_To do_: Leaving out the images, reproduce every line of the data that follows exactly.

[Material supplied — start]

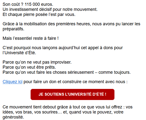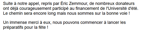 Juste, au passage, dans ce mail (le ENIME mail en quelques jours), un truc nouveau, eh eh eh... J'ai été dans d'autres partis, dont le RN, JAMAIS je n'ai vu un parti autant ramer pour organiser une université d'été (sur le plan financier) et attirer assez de monde là (pour rentrer dans leurs frais ! ).
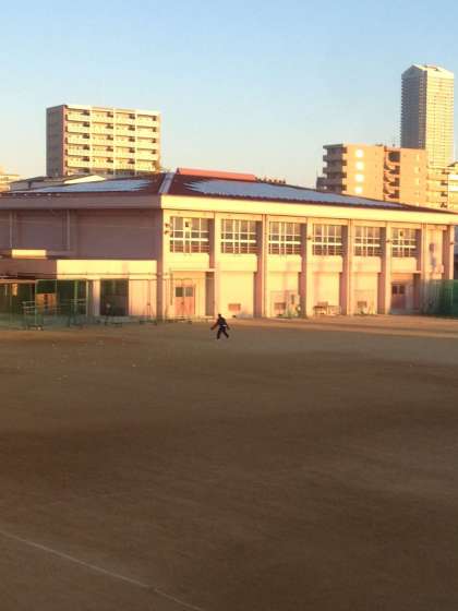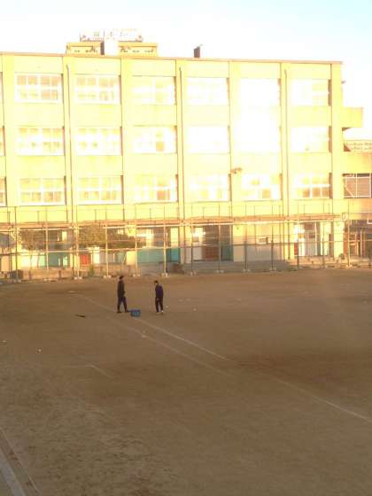 おはようございます。気温は5度です。朝早くから、野球部がグランドで練習しています。
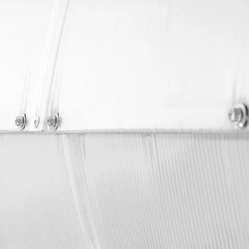 Во-вторых, довольно сложно установить листы поликорбоната в стыковочные планки, они очень жесткие и неохотно принимают форму купола. Почему было бы не предусмотреть обшивку крышек цельным листом поликорбоната, думается, что жёсткость бы не пострадала.
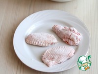У куриных крылышек отрезать верхнюю часть. Ее можно использовать при приготовлении бульонов. Разрезать крылышко на две части. |
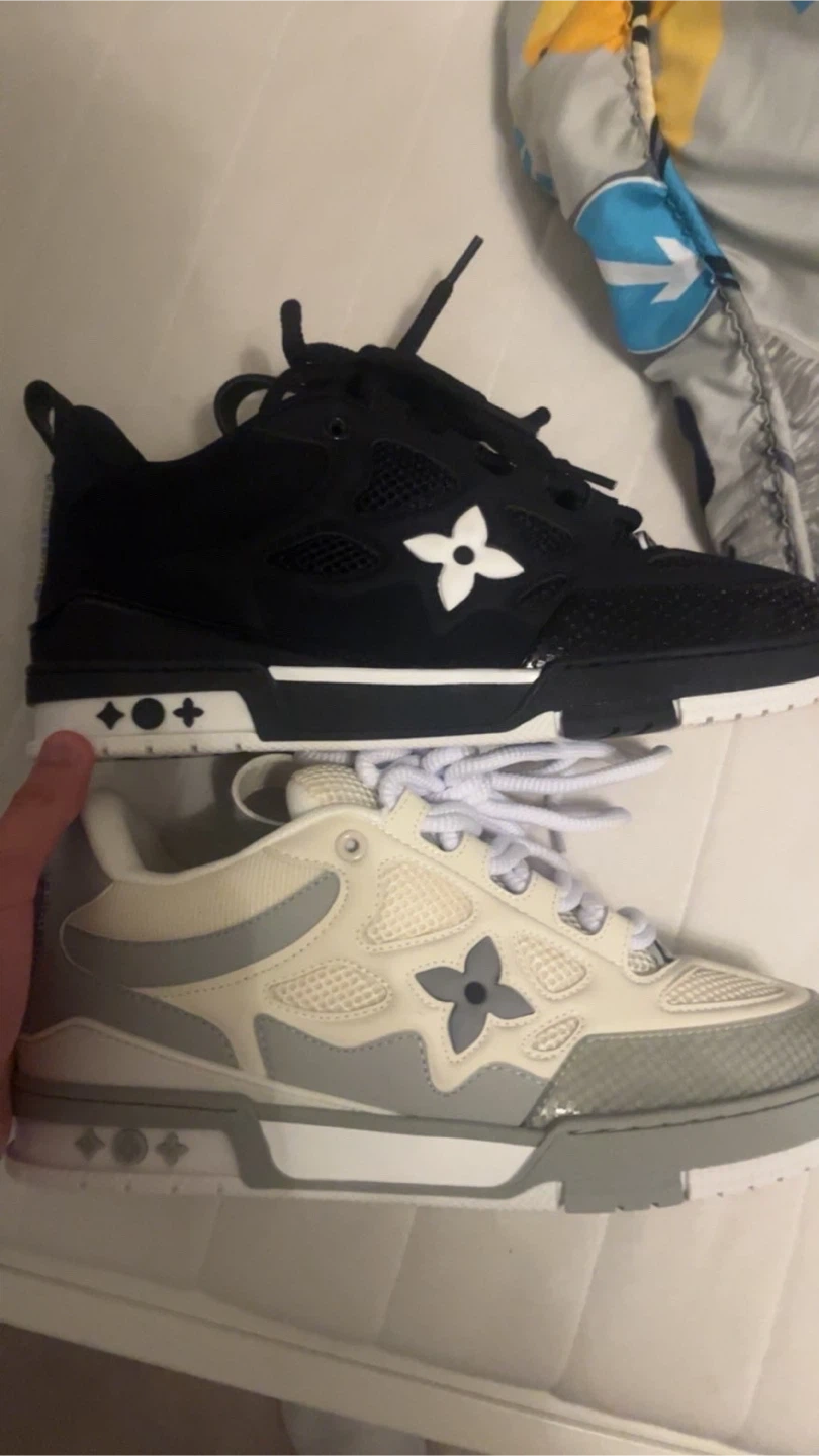 A collection of Balenciaga Runner sneakers in various colourways and two pairs of Louis Vuitton sneakers. Includes black and white/grey Louis Vuitton trainers and multiple Balenciaga options.
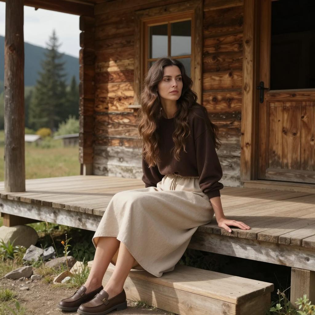 Photograph of a woman with long brown hair, wearing a dark brown top and beige skirt, sitting on a wooden step in front of a rustic wooden cabin. She looks to the side with a neutral expression. Background includes trees, mountains, and a rocky ground. The cabin has a wooden porch and is slightly elevated on stilts. Sunlight casts shadows on the ground and cabin.

[Material supplied — finish]

_Answer to this exercise_:
 Juste, au passage, dans ce mail (le ENIME mail en quelques jours), un truc nouveau, eh eh eh... J'ai été dans d'autres partis, dont le RN, JAMAIS je n'ai vu un parti autant ramer pour organiser une université d'été (sur le plan financier) et attirer assez de monde là (pour rentrer dans leurs frais ! ).
 おはようございます。気温は5度です。朝早くから、野球部がグランドで練習しています。
 Во-вторых, довольно сложно установить листы поликорбоната в стыковочные планки, они очень жесткие и неохотно принимают форму купола. Почему было бы не предусмотреть обшивку крышек цельным листом поликорбоната, думается, что жёсткость бы не пострадала.
У куриных крылышек отрезать верхнюю часть. Ее можно использовать при приготовлении бульонов. Разрезать крылышко на две части. |
 A collection of Balenciaga Runner sneakers in various colourways and two pairs of Louis Vuitton sneakers. Includes black and white/grey Louis Vuitton trainers and multiple Balenciaga options.
 Photograph of a woman with long brown hair, wearing a dark brown top and beige skirt, sitting on a wooden step in front of a rustic wooden cabin. She looks to the side with a neutral expression. Background includes trees, mountains, and a rocky ground. The cabin has a wooden porch and is slightly elevated on stilts. Sunlight casts shadows on the ground and cabin.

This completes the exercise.